Rust: From 0 To Publish

As software projects grow in size and/or time, organization and documentation of code becomes increasingly important. We humans tend to forget things and keeping track of an entire program structure naturally becomes more and more difficult as the project evolves.

By grouping related functionality and separating code with distinct features, it is easier to find particular features and where to change how something works. Additionally, especially if other developers are also supposed to work with your code and/or modify it, good documentation is just as important.

To do all of this in a standardized and consistent way in Rust, there is Cargo.

Cargo is the Rust package manager which downloads your package’s dependencies, compiles your packages, builds documentation, makes distributable packages, and uploads them to crates.io, the Rust community’s package registry.

Installing Rust

Starting from 0 means installing the Rust programming language in the first place. Fortunately, it couldn't be easier:

Unix-like (Linux, MacOS)

On Unix, run

curl --proto '=https' --tlsv1.2 -sSf https://sh.rustup.rs | sh 

in your shell. This downloads and runs rustup-init.sh, which in turn downloads and runs the correct version of the rustup-init executable for your platform.

Windows

On Windows, download and run rustup-init.exe.

Updating Rust

rustup update

Cargo Overview

Cargo does (almost) everything

Cargo makes building, testing, documenting, running and installing rust applications very easy and standardized.

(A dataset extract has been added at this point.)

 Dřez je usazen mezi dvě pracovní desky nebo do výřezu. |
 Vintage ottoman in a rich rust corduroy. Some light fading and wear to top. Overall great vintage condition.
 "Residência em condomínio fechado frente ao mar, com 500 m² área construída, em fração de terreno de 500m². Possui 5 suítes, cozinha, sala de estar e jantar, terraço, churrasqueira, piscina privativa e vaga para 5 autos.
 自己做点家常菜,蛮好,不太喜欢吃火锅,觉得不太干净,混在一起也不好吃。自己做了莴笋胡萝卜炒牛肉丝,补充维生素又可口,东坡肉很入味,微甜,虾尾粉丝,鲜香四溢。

Building, Running and Installing

Compile a local package and all of its dependencies with cargo build.

cargo build [--release]

--release

By default, cargo runs everything in debug mode.

Scopes preceded with #[cfg(debug_assertions) will only be used when not using this flag.

Scopes preceded with #[cfg(not(debug_assertions))] will only be used when using this flag.

--example

By default, cargo builds and runs ./src/lib.rs and/or ./src/main.rs but you can use different implementations by passing an executable from ./examples/.

cargo build --example EXAMPLE.rs [--release]

will build ./src/lib.rs and/or ./src/main.rs.

or both

cargo build --example example1 --release

Replace build with run to also launch the executable.

Replace build with install to install the binary system-wide. On Linux, the default location is $HOME/.cargo/bin/.

Testing and Documenting

Execute all unit and integration tests and build examples of a local package

cargo test

Cargo uses rustdoc (TODO insert link) to build documentation for your crate. Create documentation with

cargo doc

User Guides with mdBook

TODO: Building user guides with mdBook...

Creating A New Project

Complete Rust Crate Boilerplate

Rhymes included.

Github

A Crate From Scratch

From your favorite directory, create a new crate with:

$ cargo new rust-boilerplate
   Created binary (application) `rust-boilerplate` package

This creates some basic package boilerplate and also initializes a new git repository. Neat!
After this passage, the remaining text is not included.